Where the line with "Husqvarna Motorcycles vuole" appears below, start writing out lines exactly, and finish with the line with "41 42 43 44", which is included; write out nothing else.

## Data
★ ★ ★ ★

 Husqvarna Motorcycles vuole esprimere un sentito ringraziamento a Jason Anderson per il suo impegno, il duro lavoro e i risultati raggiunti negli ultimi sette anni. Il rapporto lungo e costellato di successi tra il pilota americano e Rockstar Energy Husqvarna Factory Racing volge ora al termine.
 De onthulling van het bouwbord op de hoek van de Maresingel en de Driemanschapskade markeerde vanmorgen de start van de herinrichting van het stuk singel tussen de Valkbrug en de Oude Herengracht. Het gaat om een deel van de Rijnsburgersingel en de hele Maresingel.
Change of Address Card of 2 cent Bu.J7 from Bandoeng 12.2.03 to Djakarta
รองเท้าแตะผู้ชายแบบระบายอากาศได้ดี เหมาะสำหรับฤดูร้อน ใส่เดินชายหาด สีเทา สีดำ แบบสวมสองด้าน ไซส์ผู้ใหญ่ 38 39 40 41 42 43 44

★ ★ ★ ★

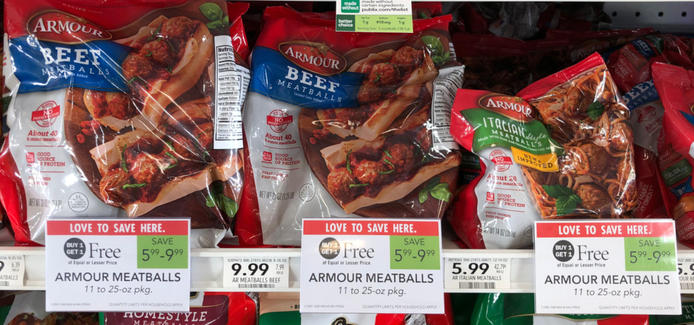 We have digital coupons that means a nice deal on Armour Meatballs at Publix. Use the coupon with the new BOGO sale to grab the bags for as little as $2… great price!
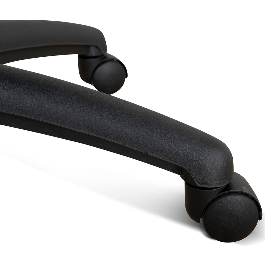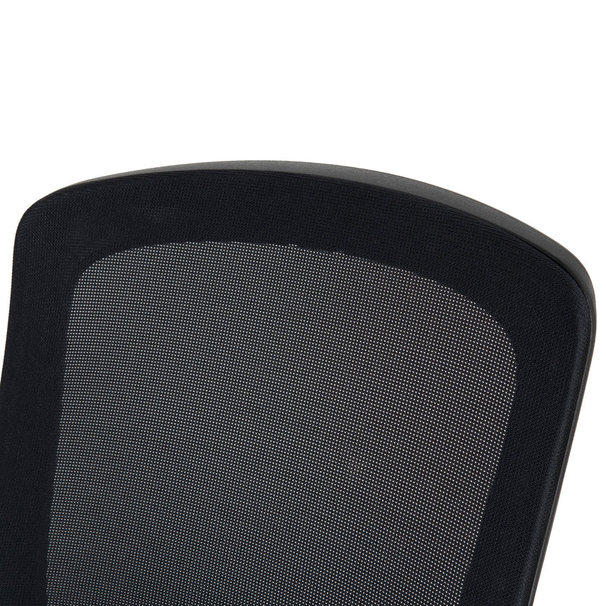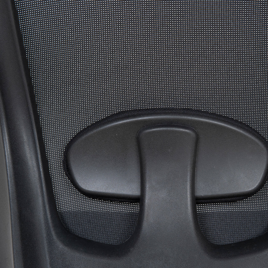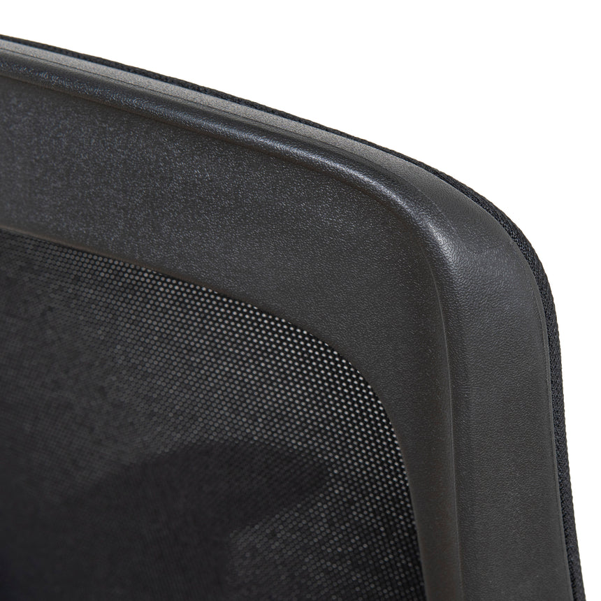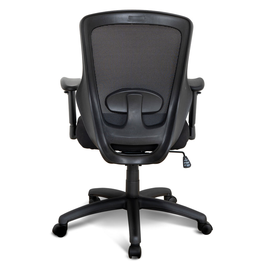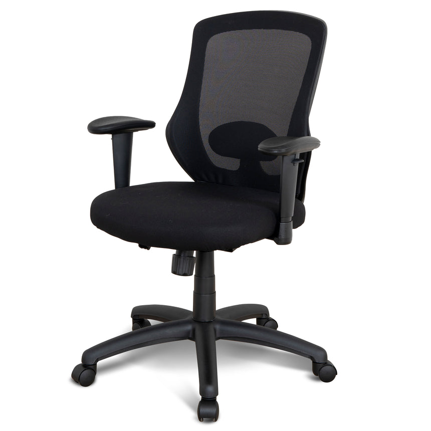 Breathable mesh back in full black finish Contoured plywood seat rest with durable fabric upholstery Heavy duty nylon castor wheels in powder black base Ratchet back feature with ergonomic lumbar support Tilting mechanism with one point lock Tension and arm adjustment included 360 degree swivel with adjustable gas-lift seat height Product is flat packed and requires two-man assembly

★ ★ ★ ★

## Exercise result
 Husqvarna Motorcycles vuole esprimere un sentito ringraziamento a Jason Anderson per il suo impegno, il duro lavoro e i risultati raggiunti negli ultimi sette anni. Il rapporto lungo e costellato di successi tra il pilota americano e Rockstar Energy Husqvarna Factory Racing volge ora al termine.
 De onthulling van het bouwbord op de hoek van de Maresingel en de Driemanschapskade markeerde vanmorgen de start van de herinrichting van het stuk singel tussen de Valkbrug en de Oude Herengracht. Het gaat om een deel van de Rijnsburgersingel en de hele Maresingel.
Change of Address Card of 2 cent Bu.J7 from Bandoeng 12.2.03 to Djakarta
รองเท้าแตะผู้ชายแบบระบายอากาศได้ดี เหมาะสำหรับฤดูร้อน ใส่เดินชายหาด สีเทา สีดำ แบบสวมสองด้าน ไซส์ผู้ใหญ่ 38 39 40 41 42 43 44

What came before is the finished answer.